ArabellaScott · 21/05/2026 13:12

https://www.bbc.co.uk/news/world-europe-56181084

I assume its this;

'Some of the calls to revoke Navalny's prisoner of conscience status quoted a Twitter thread by Katya Kazbek, a freelance columnist published by the pro-Kremlin channel RT amongst others. She reposted Navalny's controversial videos after his arrest in January, describing him as an "avowed racist" and accusing supporters of "whitewashing" his nationalism.
Ms Kazbek, a pseudonym, describes herself online as a "feminist, LGBT researcher, citizen of the world", but her posts include praise of Stalin and also echo Kremlin claims that Alexei Navalny is controlled by the US government.'

Edited

Thanks for that.....though this article seems mainly to do with accusations of nationalism and racism ( rather than 'rainbow' issues). He would certainly have referred to himself as a patriot, and came from a military background

PaterPower · 21/05/2026 13:43

“Most media reports about trans people have a negative sentiment, while trans people are hardly seen in stories. When they do appear, it is as criminals or murder victims”

That’s a very selective filter they’ve applied there. And murder victims (plural)? I can only remember one in the UK, as horrific and unjustifiable as it was.

RoyalCorgi · 21/05/2026 13:44

ArabellaScott · 21/05/2026 13:18

Thank you. So, Amnesty did not support PIE? Googling is not throwing up anything.

I don't think they did - I think there'd have been a major scandal if they had done. Amnesty always seemed a pretty decent organisation until the trans madness took hold.

ScarlettSunset · 21/05/2026 13:49

Ok, I'll be honest, I haven't read the document.
Does it say anywhere in it how the LGB part of LGBTI+ has been negatively affected or is it all just about the T?

OP posts:
OpheliaWitchoftheWoods · 21/05/2026 14:06

They do realise that eventually the entire general public will mean when they say 'anti-trans' they actually mean 'women having rights too'?

The 'network' of people cruelly and maliciously.... protecting women's rights, access and equality from insane activists, who can't see women as actually human. Dysfunction on crack.

Helleofabore · 21/05/2026 14:10

They really are 'Am nasty' these days.

Just like UN women really are unwomen.

SingleSexSpacesInSchools · 21/05/2026 14:10

ScarlettSunset · 21/05/2026 13:49

Ok, I'll be honest, I haven't read the document.
Does it say anywhere in it how the LGB part of LGBTI+ has been negatively affected or is it all just about the T?

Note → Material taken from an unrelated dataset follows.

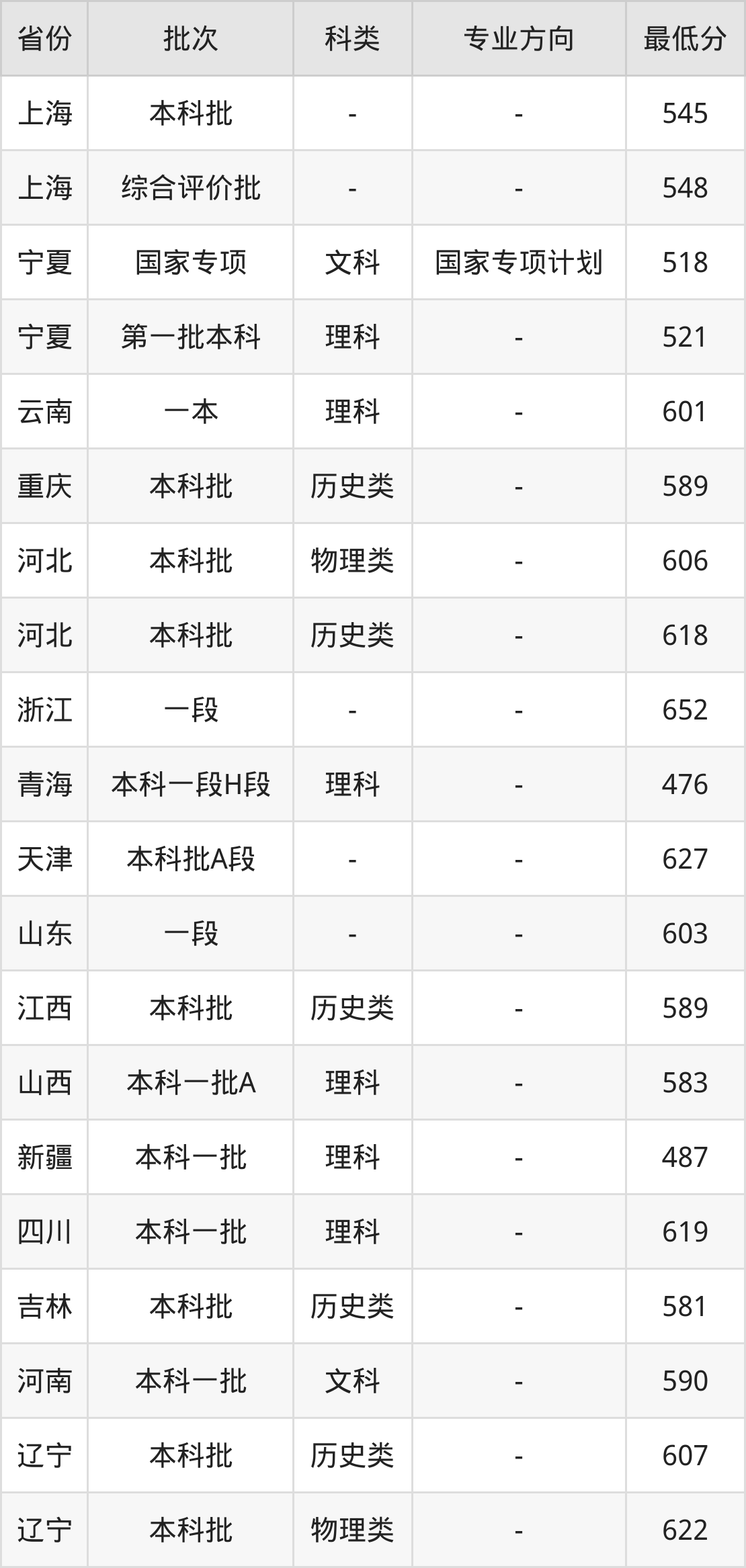 2024年东华大学经济管理试验班专业在市外招生分数线各不相同,具体如下:

Sorry for the AI Analysis but it's clear:

No, not really.
The document uses “LGBTI” as a wrapper, but the actual argument is overwhelmingly about T, especially trans women, legal gender recognition, gender reassignment, gender-affirming healthcare, trans media coverage, and attitudes towards trans people.
Its own executive summary gives the game away. It says the briefing examines gender critical actors and that their objectives are “in relation to trans people”; the media analysis is about coverage “about trans people”; and it says “the voices of trans people” are absent.

Where LGB appears, it is mostly in three ways:

  1. LGB Alliance is treated as part of the problem
  2. It names LGB Alliance as one of the best-known gender-critical organisations, then later labels some groups as “so-called ‘LGB’ organisations”. That is not evidence of LGB people being harmed. It is Amnesty casting LGB sex-based advocacy as suspicious.
  3. Lesbians are mentioned only because gender-critical people raise them
  4. The report says GC actors argue that “gender ideology” pushes gender non-conforming young people, “in particular masculine lesbians”, to think they are men and transition. Amnesty does not investigate whether that concern is valid. It simply presents it as part of the GC worldview.
  5. Same-sex attraction appears as background, not harm evidence
  6. The report notes that media uses of “sex” included terms like “same”, “attraction”, “sexuality” and “gay”, but this is just corpus-analysis detail, not an argument that lesbians, gay men or bisexuals have been negatively affected by gender-critical campaigning.
The closest it gets to an LGB harm claim is very thin. It cites a general government LGBT survey saying many respondents experienced harassment or violence, but that is a broad LGBT figure, not a specific claim about the L, G or B parts being harmed by gender-critical activism. Immediately afterwards it turns back to attitudes towards trans people. So the clean answer is: No. It does not meaningfully show how lesbians, gay men or bisexuals have been negatively affected. It mostly uses “LGBTI” for moral weight, then argues almost entirely about trans rights. When actual LGB organisations appear, they are treated as enemies of the report’s preferred politics rather than as LGB people with sex-based rights and interests of their own.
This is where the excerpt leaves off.